Task: Leaving out all pictures, return exactly the lines from the one that contains "14ct gold-filled clip" through the end of the data below.

Source information:
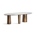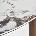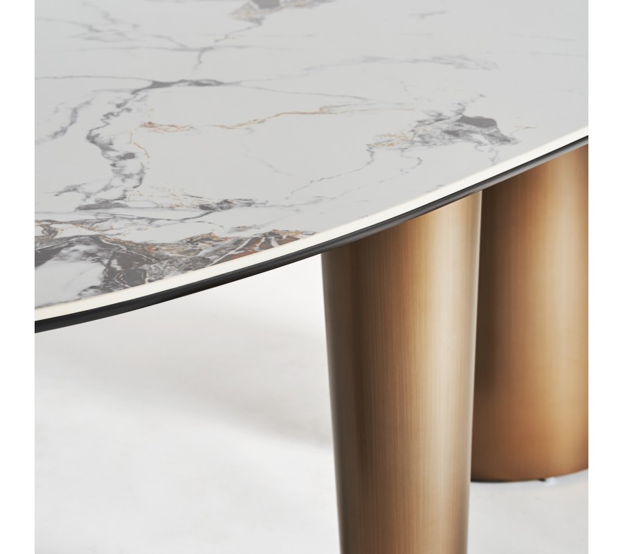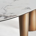 Luxusný oválny jedálenský stôl Marinna v art deco štýle s asymetrickými zlatými nohami a bielou mramorovou doskou 240 cm
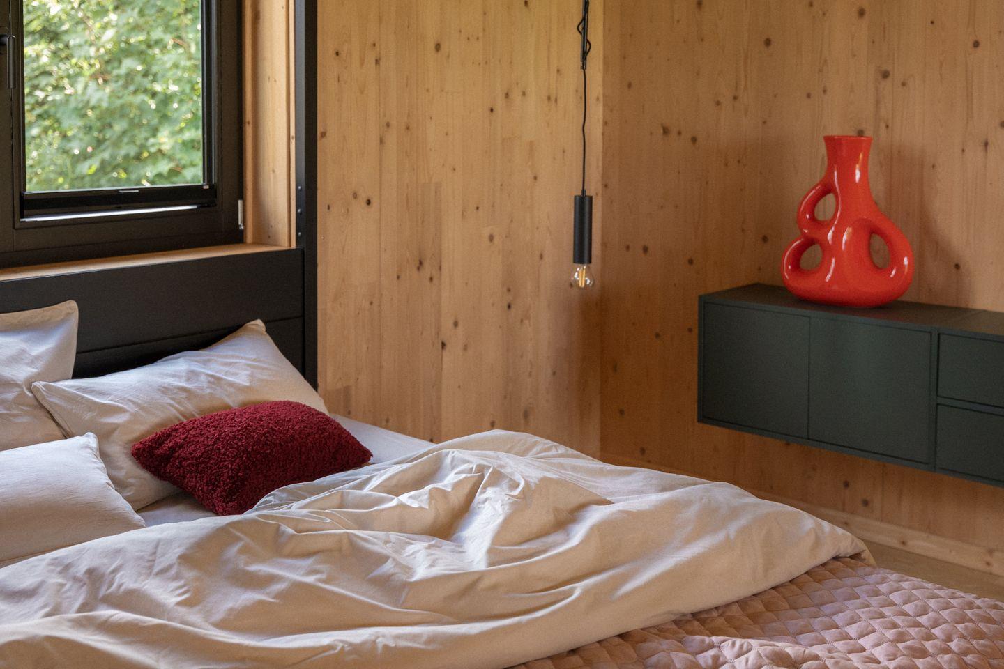 Die große Fensterfront ist gleichzeitig der Eingang und sorgt für das minimalistische und gleichzeitig großzügige Wohngefühl. Die sieben Meter hohen Decken, ebenso wie das gesunde Raumklima, das durch die unbehandelten Hölzer und die folienfreie Bauweise erreicht wird, lassen euch so richtig durchatmen. Davon profitieren nicht nur Allergiker - ihr schlaft besser und werdet gleich beim Eintreten den angenehmen, beruhigenden Effekt der Holz-Umgebung feststellen. Die Fußbodenheizung sorgt das ganze Jahr über für eine angenehme Wärme und kann im Haus reguliert werden. Sollte sich das Haus doch einmal aufheizen, kühlt ihr es per Fernbedienung in wenigen Minuten mit der Klimaanlage herunter. Der Kamin ermöglicht euch ausserdem jederzeit zusätzliche Wohlfühlwärme. Ein Korb mit Feuerholz ist vorhanden.
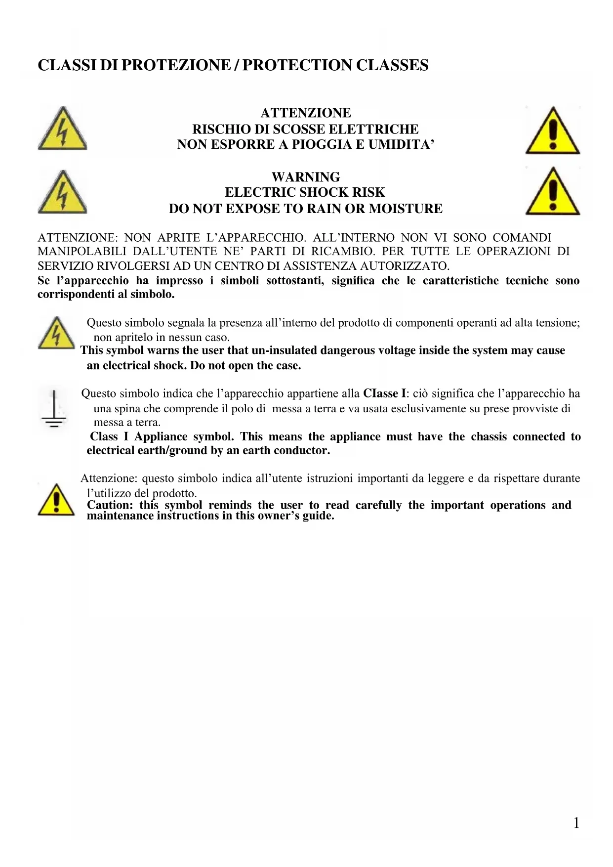 DO NOT EXPOSE TO RAIN OR MOISTURE ATTENZIONE: NON APRITE L’APPARECCHIO. ALL’INTERNO NON VI SONO COMANDI MANIPOLABILI DALL’UTENTE NE’ PARTI DI RICAMBIO. PER TUTTE LE OPERAZIONI DI SERVIZIO RIVOLGERSI AD UN CENTRO DI ASSISTENZA AUTORIZZATO. Se l’apparecchio ha impresso i simboli sottostanti, significa che le caratteristiche tecniche sono corrispondenti al simbolo. Questo simbolo segnala la presenza all’interno del prodotto di componenti operanti ad alta tensione; non apritelo in nessun caso. This symbol warns the user that un-insulated dangerous voltage inside the system may cause an electrical shock. Do not open the case. Questo simbolo indica che l’apparecchio appartiene alla CIasse I: ciò significa che l’apparecchio ha una spina che comprende il polo di messa a terra e va usata esclusivamente su prese provviste di messa a terra. Class I Appliance symbol. This means the appliance must have the chassis connected to electrical earth/ground by an earth conductor. Attenzione: questo simbolo indica all’utente istruzioni importanti da leggere e da rispettare durante l’utilizzo del prodotto. Caution: this symbol reminds the user to read carefully the important operations and maintenance instructions in this owner’s guide.2
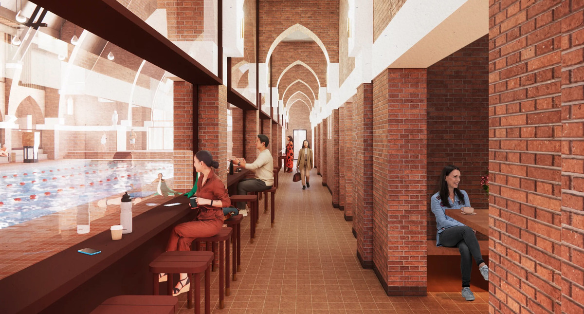 Главной задачей архитекторов является защита старого дерева, витражей и других элементов от влажности. Чтобы решить эту проблему, MVRDV и Zecc Architecten установят стеклянные стены вокруг бассейна и изолируют крышу здания.
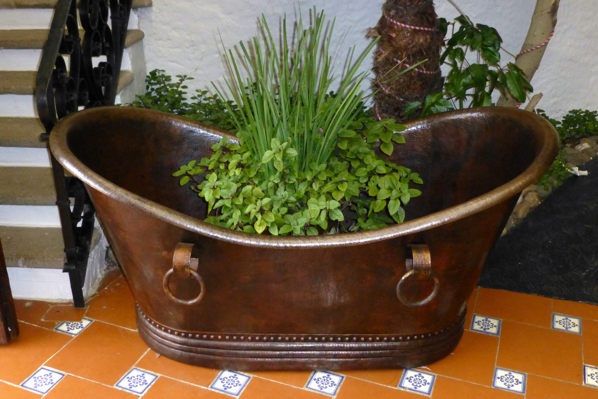 Kupferbadewannen für zweitausend Dollar sind zu haben. Leider haben wir keinen Platz im MAN! Wie immer kauft Bigi ein. Sie hat immer eine Ausrede, wer von den Freunden daran Freude haben könnte. Nun weiter nach ‚Uruapan‘. Wir kommen an grossen Avocado-Plantagen vorbei. Übernachten auf dem Hotelparkplatz des schönen Hotels ‚Pie de la Serra‘. Bigi hat gelesen, dass die hiesige Spezialität ‚Avocado-Suppe‘ sein soll. Sie versucht dies ohne Rezept zu kochen.
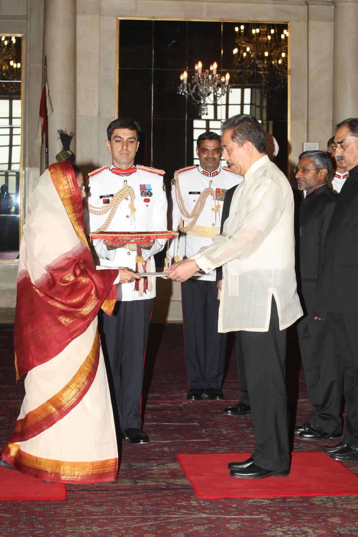 | Caption: | The Ambassador Designate of Philippines, HE Mr Ronald B Allarey presenting his credentials to the President of India, Smt Pratibha Devisingh Patil at Rashtrapati Bhavan in New Delhi on June 30, 2010 |
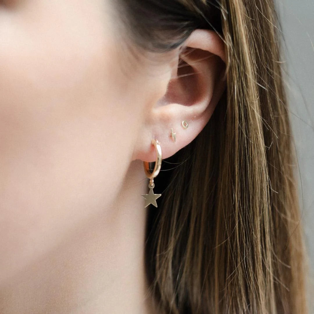 14ct gold-filled clip hoop earrings with a gold star charm for a night-sky themed look.
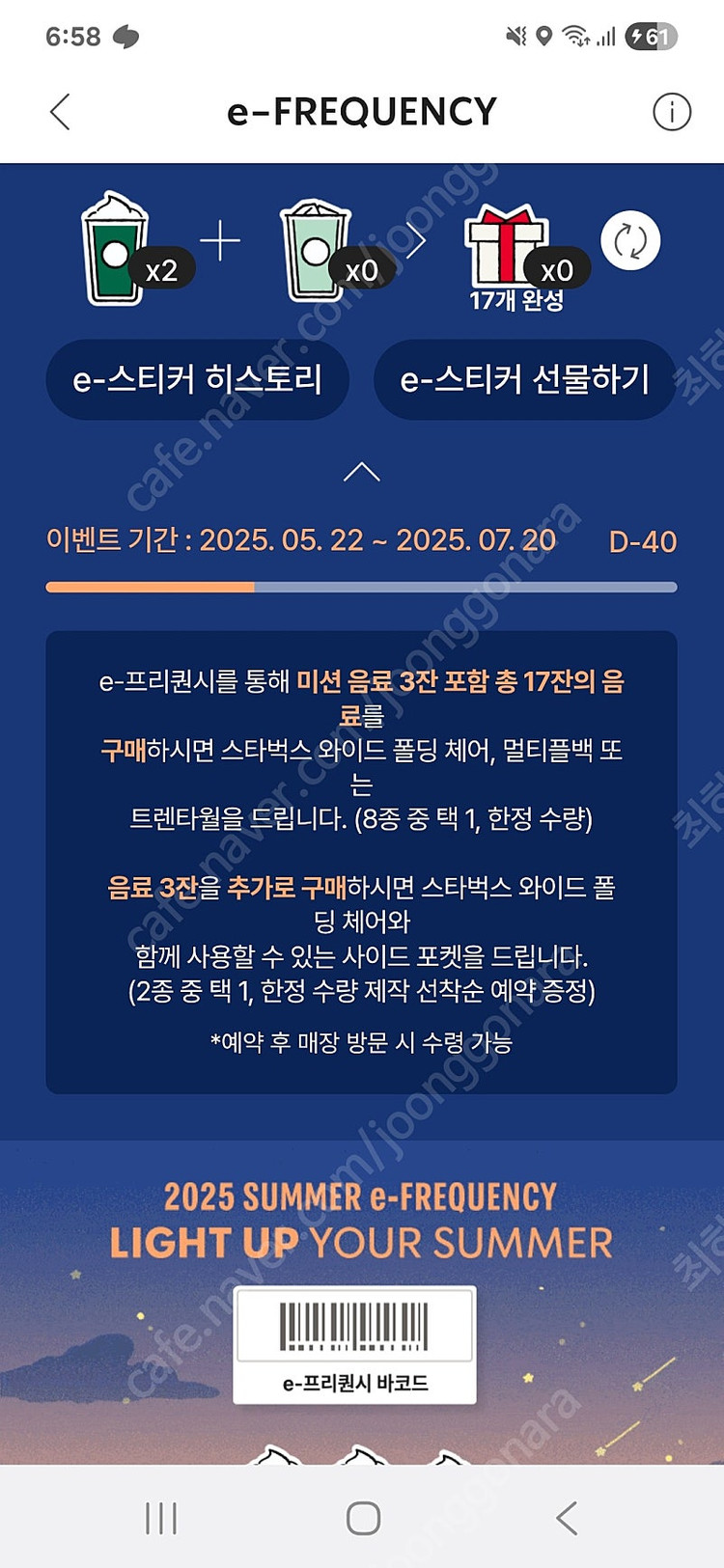 📢 제목에 "제조사/ 브랜드 명"과 "티켓명(ex. 스타벅스 아메리카노 Tall) ”을 넣어 작성하면, 보다 빠른 판매가 가능합니다! 📢 게시글 작성 시 배송 방법에 “직거래”와 “내 위치” 설정할 경우, 보다 빠른 판매가 가능합니다! 📢 내가 가진 커피, 편의점 e쿠폰을 <J쿠폰>에서 간편하고 빠르게 판매가 가능합니다! 2일 이내 판매금을 정산 받아보세요. 프리퀀시 미션 각 2400원 2장있어요 🚨회원님의 거래 게시글을 노린 중고나라 운영진 사칭 피싱 사이트를 주의하세요🚨

Solution for this problem:
 14ct gold-filled clip hoop earrings with a gold star charm for a night-sky themed look.
 📢 제목에 "제조사/ 브랜드 명"과 "티켓명(ex. 스타벅스 아메리카노 Tall) ”을 넣어 작성하면, 보다 빠른 판매가 가능합니다! 📢 게시글 작성 시 배송 방법에 “직거래”와 “내 위치” 설정할 경우, 보다 빠른 판매가 가능합니다! 📢 내가 가진 커피, 편의점 e쿠폰을 <J쿠폰>에서 간편하고 빠르게 판매가 가능합니다! 2일 이내 판매금을 정산 받아보세요. 프리퀀시 미션 각 2400원 2장있어요 🚨회원님의 거래 게시글을 노린 중고나라 운영진 사칭 피싱 사이트를 주의하세요🚨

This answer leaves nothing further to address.